Stovall, chairwoman of the Colorado Democratic Party’s African-American Initiative, was a last-minute replacement for an elector who was kept away by an unspecified illness. Gov. Bill Ritter’s staff phoned Stovall to relay the invitation to stand in.

“I’m so honored, that’s why I’m still in a daze. I can’t believe it,” Stovall said. “To me, it’s just the best because of all these years being involved in the political process, I don’t think I could do any better,” she said.

Electoral College voters across the country were casting their ballots on Monday. Each state gets the same number of electoral votes as it has U.S. senators and representatives.

The outcome of Colorado’s balloting was never in doubt because state law requires that all the state’s Electoral College votes go to the winner of the popular vote.

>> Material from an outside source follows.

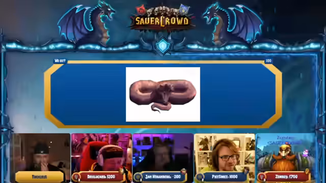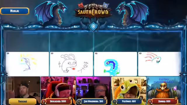 01:12:23Zombey zeigt Zeichnungen von Thunder Fury und Donnerzorn und befragt den Chat nach Meinungen zu den Darstellungen. Die Chat-Bewertungen variieren je nach Community (z.B. Dalu's Chat bevorzugt B, Pete Smith's Chat C), und nach der Abstimmung gewinnt Zombey mit 47% für Option A. Dieser Abschnitt markiert den Übergang vom Malen zum Quiz mit Bonuspunkten für die Gewinner.
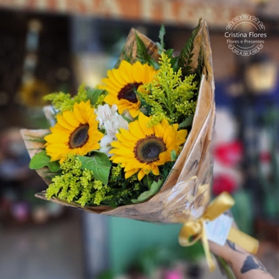 Um buquê cheio de luz e charme retrô: três girassóis radiantes, acompanhados de complementos florais que variam conforme a estação, embalados com todo o cuidado em papel jornal pardo — aquele toque rústico que remete ao aconchego do passado. Uma escolha perfeita para quem ama o brilho do campo com uma pitada de nostalgia.

Wellington Webb, another elector and Denver’s first and only black mayor, said the chance to cast an electoral vote for the first black president was the honor of a lifetime.

Dr. Martin Luther King Jr. would have been proud, Webb said. “He would find the dream fulfilled,” he said.

Secretary of State Mike Coffman included several candidates, including Republican John McCain, on this year’s Colorado Electoral College ballot. The same approach was used in 2004, when 13 candidates were on the ballot.

Coffman, a Republican, said “it just made sense” to include the others, even though electors are barred from choosing any other candidate.

He said the ballot language was approved by Attorney General John Suthers, also a Republican.

Coffman said he learned over the weekend that Margaret Atencio, one of the electors, might not be able to attend.

Coffman said he could not find a precedent under state law. Trey Rogers, Ritter’s legal counsel, said the law provided for other electors to choose an alternate. They chose Stovall.

Officials said Atencio listened to the ceremony by phone but didn’t participate.

The Democratic slate of electors was chosen at the party’s state convention last summer.

The other Colorado electors were former state Sen. Terry Phillips, Pitkin County Democratic Party Chairwoman Camilla Auger, Weld County Democratic Party Vice Chairwoman Pam Shaddock, Jennifer Trujillo-Sanchez, Don Strickland, Ann Knollman and Polly Baca.